At the beginning of section 3.3, he says lorentz invariance of S-matrix means the same unitary operator acts on both in and out states. I feel a bit blur about this since he doesn't give any concrete example. Say the eletron-positron annihilation process, we have 1 electron, 1 positron, 0 photon as in state, and 0 electron, 0 positron, 2 photons as out state, we know lorentz group has different representations on electrons and photons, then how shall we have the same unitary operator of both in and out states in such process?

2. Aug 10, 2011

### meopemuk

I prefer a different definition of the Lorentz invariance of scattering. This definition is purely algebraical, does not involve states, and is applied directly to the S-operator:

$$U_0(\Lambda, a) S U_0^{-1}(\Lambda, a) = S$$

where $U_0$ is the non-interacting representation of the Poincare group.

Eugene.

3. Aug 11, 2011

### dextercioby

The in/out states are multi-particle states, so the unitary operator acting on them is actually an operator acting on a product of different (sub)spaces.

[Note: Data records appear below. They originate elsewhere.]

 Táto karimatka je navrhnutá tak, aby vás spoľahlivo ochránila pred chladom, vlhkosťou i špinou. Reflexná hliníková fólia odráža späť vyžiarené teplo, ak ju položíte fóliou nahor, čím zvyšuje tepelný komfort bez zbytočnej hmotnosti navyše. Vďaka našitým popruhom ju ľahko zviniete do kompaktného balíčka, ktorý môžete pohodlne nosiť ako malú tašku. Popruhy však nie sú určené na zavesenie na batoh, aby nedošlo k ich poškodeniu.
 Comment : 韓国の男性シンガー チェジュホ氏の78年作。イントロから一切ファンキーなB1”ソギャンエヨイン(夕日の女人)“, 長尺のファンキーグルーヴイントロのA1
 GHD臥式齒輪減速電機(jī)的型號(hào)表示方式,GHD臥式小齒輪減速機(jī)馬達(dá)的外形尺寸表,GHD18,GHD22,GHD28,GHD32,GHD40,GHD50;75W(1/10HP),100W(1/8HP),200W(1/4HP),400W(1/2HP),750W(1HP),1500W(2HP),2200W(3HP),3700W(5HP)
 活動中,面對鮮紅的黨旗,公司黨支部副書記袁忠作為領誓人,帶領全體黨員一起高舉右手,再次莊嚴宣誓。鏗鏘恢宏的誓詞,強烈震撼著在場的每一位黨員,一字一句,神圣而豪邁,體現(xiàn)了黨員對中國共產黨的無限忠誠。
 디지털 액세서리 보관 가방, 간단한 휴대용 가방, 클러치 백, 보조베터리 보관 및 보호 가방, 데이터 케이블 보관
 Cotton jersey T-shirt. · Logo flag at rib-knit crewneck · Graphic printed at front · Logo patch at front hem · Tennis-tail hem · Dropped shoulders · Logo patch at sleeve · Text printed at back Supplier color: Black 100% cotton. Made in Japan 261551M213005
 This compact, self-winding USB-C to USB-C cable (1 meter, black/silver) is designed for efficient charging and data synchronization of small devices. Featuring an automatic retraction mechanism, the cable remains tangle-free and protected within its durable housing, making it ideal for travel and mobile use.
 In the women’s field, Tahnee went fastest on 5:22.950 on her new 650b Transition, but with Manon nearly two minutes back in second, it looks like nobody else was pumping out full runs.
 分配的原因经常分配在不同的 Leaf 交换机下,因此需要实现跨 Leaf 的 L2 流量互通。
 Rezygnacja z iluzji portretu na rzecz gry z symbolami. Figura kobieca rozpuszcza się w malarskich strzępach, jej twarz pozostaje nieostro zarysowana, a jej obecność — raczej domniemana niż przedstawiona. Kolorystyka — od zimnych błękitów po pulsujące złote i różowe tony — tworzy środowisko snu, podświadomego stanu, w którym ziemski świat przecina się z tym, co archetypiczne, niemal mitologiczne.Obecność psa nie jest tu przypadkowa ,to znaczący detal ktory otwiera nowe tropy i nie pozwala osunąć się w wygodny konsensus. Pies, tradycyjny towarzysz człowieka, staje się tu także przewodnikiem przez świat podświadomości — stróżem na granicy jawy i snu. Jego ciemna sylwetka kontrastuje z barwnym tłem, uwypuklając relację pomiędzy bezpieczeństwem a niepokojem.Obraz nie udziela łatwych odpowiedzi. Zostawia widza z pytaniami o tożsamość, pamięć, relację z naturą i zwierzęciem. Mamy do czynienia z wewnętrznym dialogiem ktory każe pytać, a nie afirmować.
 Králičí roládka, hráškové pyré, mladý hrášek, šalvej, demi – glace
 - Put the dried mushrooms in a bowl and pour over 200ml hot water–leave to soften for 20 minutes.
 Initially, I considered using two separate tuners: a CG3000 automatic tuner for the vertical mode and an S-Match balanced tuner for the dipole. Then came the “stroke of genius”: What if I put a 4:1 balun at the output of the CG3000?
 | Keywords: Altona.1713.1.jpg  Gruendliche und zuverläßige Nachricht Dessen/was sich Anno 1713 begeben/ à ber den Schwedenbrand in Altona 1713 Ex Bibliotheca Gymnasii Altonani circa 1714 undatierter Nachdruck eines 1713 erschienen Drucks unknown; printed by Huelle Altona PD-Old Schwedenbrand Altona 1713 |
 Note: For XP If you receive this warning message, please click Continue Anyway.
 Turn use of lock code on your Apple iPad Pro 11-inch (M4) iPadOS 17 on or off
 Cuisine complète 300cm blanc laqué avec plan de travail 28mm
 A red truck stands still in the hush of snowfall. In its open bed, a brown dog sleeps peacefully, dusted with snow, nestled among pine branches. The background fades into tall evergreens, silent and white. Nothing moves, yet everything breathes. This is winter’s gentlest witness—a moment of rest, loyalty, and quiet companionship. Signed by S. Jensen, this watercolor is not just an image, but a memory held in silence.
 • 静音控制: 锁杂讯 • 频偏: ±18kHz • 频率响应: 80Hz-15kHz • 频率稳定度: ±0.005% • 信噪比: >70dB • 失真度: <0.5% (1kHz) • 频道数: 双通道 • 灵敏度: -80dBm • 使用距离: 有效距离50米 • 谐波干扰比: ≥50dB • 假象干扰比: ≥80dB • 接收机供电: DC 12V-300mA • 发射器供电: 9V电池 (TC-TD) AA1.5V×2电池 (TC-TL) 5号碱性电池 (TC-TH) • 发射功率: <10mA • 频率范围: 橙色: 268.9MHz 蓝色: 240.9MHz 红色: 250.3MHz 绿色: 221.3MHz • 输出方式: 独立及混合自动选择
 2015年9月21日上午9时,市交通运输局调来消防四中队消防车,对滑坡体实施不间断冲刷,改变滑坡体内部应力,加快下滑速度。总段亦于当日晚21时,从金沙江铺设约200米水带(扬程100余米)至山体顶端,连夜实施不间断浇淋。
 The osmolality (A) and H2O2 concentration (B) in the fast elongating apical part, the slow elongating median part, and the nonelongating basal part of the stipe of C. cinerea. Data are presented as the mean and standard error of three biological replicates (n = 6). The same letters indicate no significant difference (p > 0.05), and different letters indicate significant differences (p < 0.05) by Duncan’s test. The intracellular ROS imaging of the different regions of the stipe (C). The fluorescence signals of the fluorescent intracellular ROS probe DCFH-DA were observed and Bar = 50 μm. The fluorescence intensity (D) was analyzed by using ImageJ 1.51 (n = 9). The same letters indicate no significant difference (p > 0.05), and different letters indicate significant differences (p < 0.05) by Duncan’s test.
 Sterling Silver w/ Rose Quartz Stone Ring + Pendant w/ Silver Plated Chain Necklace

For example, the unitary operator corresponding to a photon acts trivially (no change) on a subspace of an electron representation.

4. Aug 11, 2011

### IRobot

I don't have the book with me, but I think several times Weinberg gives explicit examples of $U(\lambda,a)$ acting on states with $\sum_{\sigma'}D_{\sigma,\sigma'} \psi_\sigma$ where the D matrix correspond to the specific representation of the Lorentz Group.

5. Aug 15, 2011

### kof9595995

Thank you all, but somehow I still get a strange feeling somewhere which I can't express clearly. Perhaps I'll come back to this later.